SpliceScape

SpliceScape is a bioinformatics pipeline designed for the large-scale identification and characterization of splicing events from RNA-Seq data. Built using the Nextflow workflow orchestrator, it provides an efficient, reproducible, and scalable solution for generating comprehensive splicing landscapes of an organism.

The pipeline automates all critical steps of splicing analysis, from raw data processing to the final characterization of events. It integrates state-of-the-art tools to ensure high accuracy and performance, including:

Data Cleaning: BBDuK
Splicing-Aware Alignment: STAR
Splicing Event Identification and Quantification: MAJIQ and SGSeq

This approach allows SpliceScape to handle large public datasets, making it a powerful tool for comparative transcriptomics and for exploring the dynamics of RNA processing.

📊 The diagram below provides an overview of the SpliceScape workflow, from the initial input files to the final results.

✅ The pipeline is divided into distinct stages:

Pre-processing: Metadata acquisition and filtering.
Core Pipeline: Downloading reads, quality control (BBDuK), genome indexing (STAR), mapping (STAR), and splicing analysis (MAJIQ & SGSeq).
Post-processing: Parsing and integrating results into a unified database.

Quick Start

Dependencies

SpliceScape has several dependencies, below we list some of the main dependencies that must be installed prior to using the pipeline. We recommend to use the conda environment to install all dependencies.

Core Software & Tools

Nextflow (v24.10.5 or later)
STAR
BBMap (provides BBDuK v35.85)
Samtools
MAJIQ
ffq (from pip)
wget & md5sum (Standard Linux/macOS utilities)

Programming Environments

Python (v3.7 or higher)
R (v4.4)

Required Python Libraries

requests (v2.28.1)
beautifulsoup4 (v0.0.1)
biopython (v1.79)
pandas (v1.4.0)

Required R Libraries

optparse (v1.7.5)
SGSeq (v1.38.0)
GenomicFeatures (v1.56.0)

Input Files

SpliceScape requires three main inputs to start an analysis:

Reference Genome: An uncompressed reference genome file in .fasta format, preferably downloaded from Phytozome.
Genome Annotation: An uncompressed genome annotation file in .gff3 format, also from Phytozome.
Sample List: A plain text (.txt) file containing the SRA accessions for your target samples, with one identifier per line.

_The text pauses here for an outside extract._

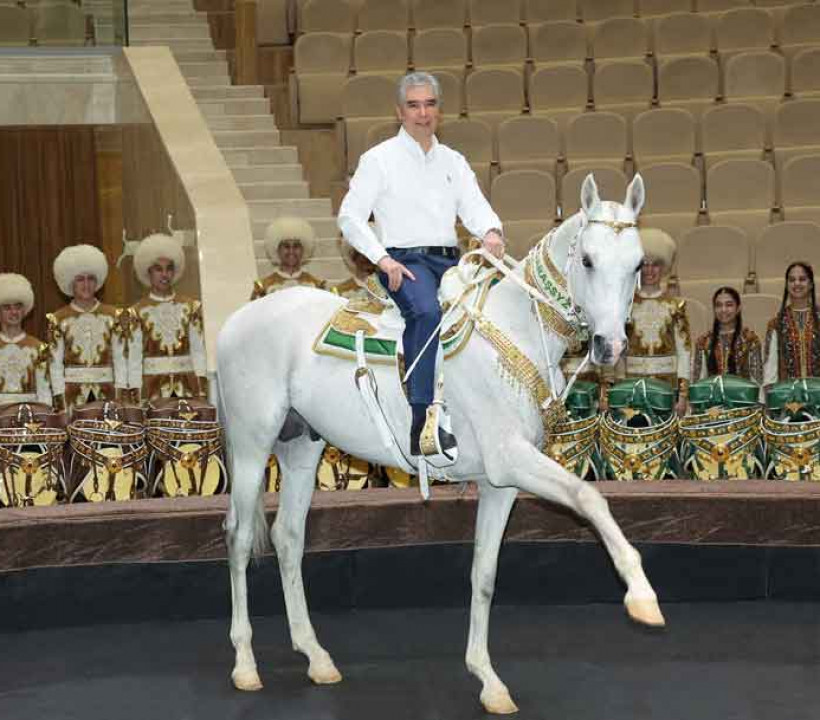Наши предки оставили в наследие мудрые поговорки, выражающие высокое почитание «райских» скакунов: «Taý ata ýetirer, at–myrada», «Atym bar – ganatym bar», «At agynan ýerde toý bolar». Для нашего народа ахалтекинский скакун на протяжении многих столетий был близким другом, которому доверяли сокровенное, а сегодня он олицетворяет стремительное продвижение Отчизны к высотам прогресса, продолжил Герой-Аркадаг.
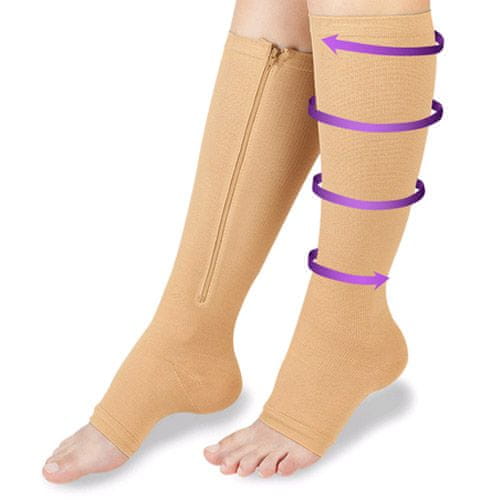 Inovativna zasnova ne zagotavlja le odlične opore nogam, temveč jih je zaradi praktične zadrge tudi enostavno oblačiti in sezuti. Naše nogavice do kolen, izdelane iz elastičnega in zračnega materiala (96 % najlon, 4 % elastan), bodo popolnoma ustrezale vašim vsakodnevnim potrebam.

For detailed instructions on how to obtain and format these files, please refer to the SpliceScape Wiki.

Running

1. Clone the repository:

git clone https://github.com/labbces/SpliceScape.git
cd SpliceScape

2. Prepare input files:

SpliceScape is designed to work with the standard file formats and structures provided by the Phytozome database. For the pipeline to locate the genome and annotation files correctly, you must follow a specific directory structure.

The three main files required for each species are:

A reference genome in FASTA format (.fa). - From Phytozome
A genome annotation file in GFF3 format (.gff3). - From Phytozome
A plain text file (.txt) listing the target SRA accessions, with one per line.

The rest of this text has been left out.